On 09/18/2014 08:24 PM, Josh Cartwright wrote:
> On Thu, Sep 18, 2014 at 07:41:17PM -0700, Guenter Roeck wrote:
>> On 09/18/2014 03:26 PM, Josh Cartwright wrote:
>>> Add a driver for the watchdog timer block found in the Krait Processor
>>> Subsystem (KPSS) on the MSM8960, APQ8064, and IPQ8064.
>>>
>>> Signed-off-by: Josh Cartwright <joshc@...eaurora.org>
>>
>> Hi Josh,
>>
>> comments inline.
>
> Thanks for taking a look!
>
> [..]
>>> +static int qcom_watchdog_probe(struct platform_device *pdev)
>>> +{
>>> +	struct qcom_wdt *wdt;
>>> +	struct resource *res;
>>> +	u32 tmp;
>>> +	int ret;
>>> +
>>> +	wdt = devm_kzalloc(&pdev->dev, sizeof(*wdt), GFP_KERNEL);
>>> +	if (!wdt)
>>> +		return -ENOMEM;
>>> +
>>> +	platform_set_drvdata(pdev, wdt);
>>> +
>>> +	res = platform_get_resource(pdev, IORESOURCE_MEM, 0);
>>> +	wdt->base = devm_ioremap_resource(&pdev->dev, res);
>>> +	if (IS_ERR(wdt->base))
>>> +		return PTR_ERR(wdt->base);
>>> +
>>> +	ret = of_property_read_u32(pdev->dev.of_node, "clock-frequency", &tmp);
>>> +	if (ret) {
>>> +		dev_err(&pdev->dev, "unable to get clock-frequency\n");
>>> +		return ret;
>>> +	}
>>> +
>>
>> You might want to use a clock property here, and the complete sequence of
>> 	devm_clk_get
>> 	clk_prepare_enable
>> 	clk_disable_unprepare
>> 	clk_get_rate
>
> Agreed.  I think this would be ideal.  I'll need to take a closer look
> at how this thing is clocked, and how/if the clocks are currently
> being modelled.
>

I think you should be able to specify some kind of "fixed" clock.
Other watchdog drivers use the mechanism; maybe you can find some examples.

>>> +	wdt->freq = tmp;
>>> +
>>> +	wdt->wdd.dev = &pdev->dev;
>>> +	wdt->wdd.info = &qcom_wdt_info;
>>> +	wdt->wdd.ops = &qcom_wdt_ops;
>>> +	wdt->wdd.min_timeout = 1;
>>> +	wdt->wdd.max_timeout = 0x10000000U / wdt->freq;
>>
>> As written, wdt->freq can be 0, which results in a nice division by zero here.
>
> Indeed.  I'll add a check.
>
>>> +	watchdog_init_timeout(&wdt->wdd, 0, &pdev->dev);
>>
>> That leaves you with no default timeout if timeout-sec is not set in devicetree,
>> which if I understand the code correctly might result in an immediate reset.
>> Is this really what you want to happen ?
>
> I think I'd like to handle timeout-sec being unspecified as an error at
> probe.  If someone explicitly sets timeout-sec = <0>, then they get what
> they ask for.  I'll take another look to see how to make this happen.
>

Hmm.. kind of unusual.

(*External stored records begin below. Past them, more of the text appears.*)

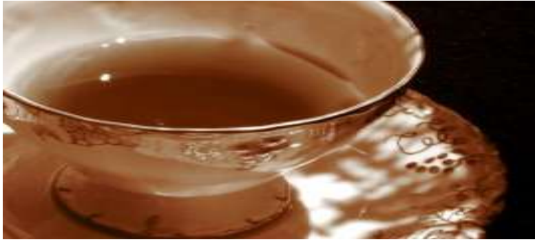
مشروب القسط الهندي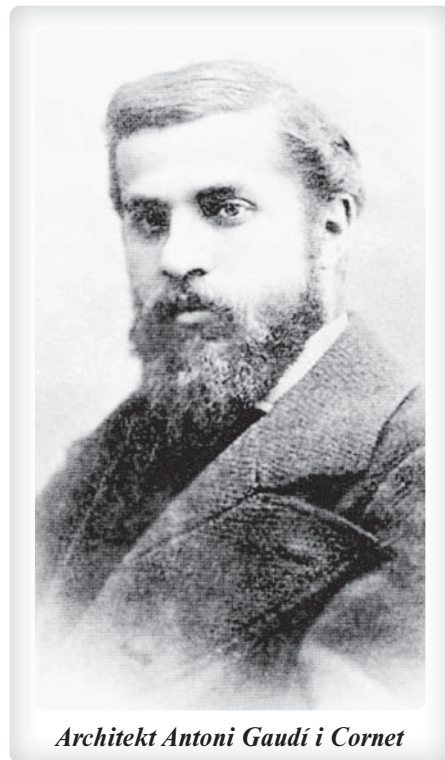
Architekt Antoni Gaudí i Cornet

Geniální vizionář už během života získal velkou slávu a dosáhl mnoha úspěchů, které mu mohly přinést bohatství a pocty. Někteří ho však špatně chápali a kritizovali. Dnes je všeobecně obdivován a do Barcelony přijíždí mnoho milovníků jeho umění, aby mohli na vlastní oči spatřit veliká architektonická díla. Nemnoho z nich si však skutečně uvědomuje, co bylo doopravdy inspirací tvorby Antonia Gaudího, odkud čerpal své překvapivé nápady. Je těžké to všechno hledat v průvodcích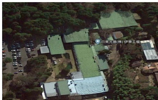
N工場（静岡県）7,500m 2 恒温恒湿空調、コンプレッサ、チ ラー工事 補助率1/3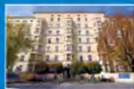
Hospital Thalkirchner Straße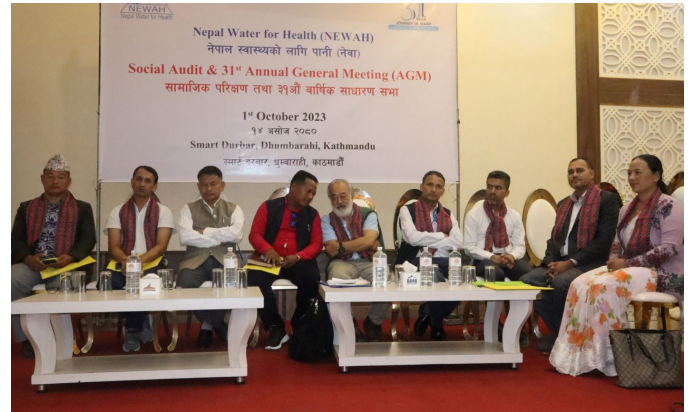
साधारण सभामा आमन्त्रित पाहुना तथा विशिष्ट व्यक्तिहरू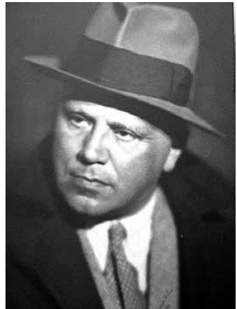
Willem de Mérode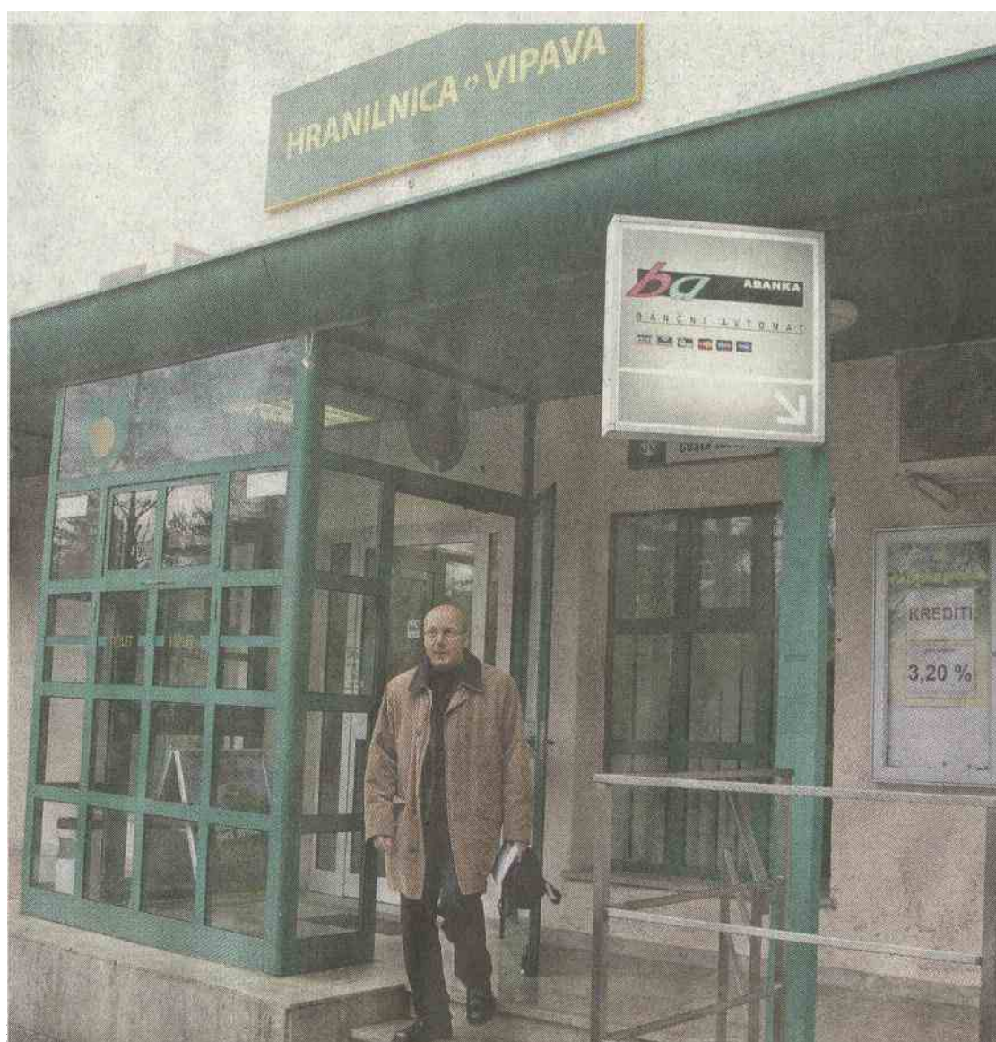
Mali delničarji in župani se bojijo likvidacije hranilnice.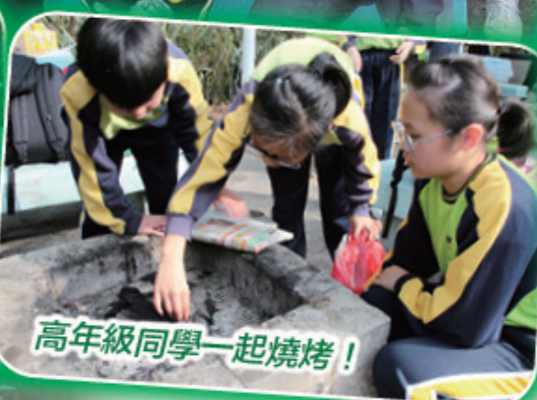
高年級同學一起烧烤！

Usual would be to initialize the timeout together
with min_timeout / max_timeout above and only force the user to specify
a value if the default timeout is not desirable. You don't really gain
anything by making timeout-sec mandatory.

>>> +
>>> +	ret = watchdog_register_device(&wdt->wdd);
>>> +	if (ret) {
>>> +		dev_err(&pdev->dev, "failed to register watchdog\n");
>>> +		return ret;
>>> +	}
>>> +
>>> +	return 0;
>>> +}
>>> +
>>> +static const struct of_device_id qcom_wdt_of_table[] = {
>>> +	{ .compatible = "qcom,kpss-wdt-msm8960", },
>>> +	{ .compatible = "qcom,kpss-wdt-apq8064", },
>>> +	{ .compatible = "qcom,kpss-wdt-ipq8064", },
>>> +	{ },
>>> +};
>>> +MODULE_DEVICE_TABLE(of, qcom_wdt_of_table);
>>> +
>>> +static struct platform_driver qcom_watchdog_driver = {
>>> +	.probe	= qcom_watchdog_probe,
>>
>> No remove function ?
>>
>> Yes, you don't need it, because the driver can only be built into the kernel,
>> but there is a practical impact: It means the driver must always be built
>> into the kernel even if the image is supposed to be used on different systems,
>> some of which may not support this specific watchdog.
>>
>> Sure, you might say that you don't care about images supporting more than one
>> hardware, but the tendency seems to be multi-target images nowadays.
>
> This was motivated by the addition of the restart_handler bits in patch
> 3.  For some reason I was thinking there were race conditions between
> module unloading/the restart_handler mechanism, but looking at it again,
> I'm not so sure.  Is it safe to implement these handlers in modules?  If
> so, I'll revisit this.
>
Yes, it is safe. To ensure there are no race conditions was one of the reasons
for implementing the restart handler as notifier call chain.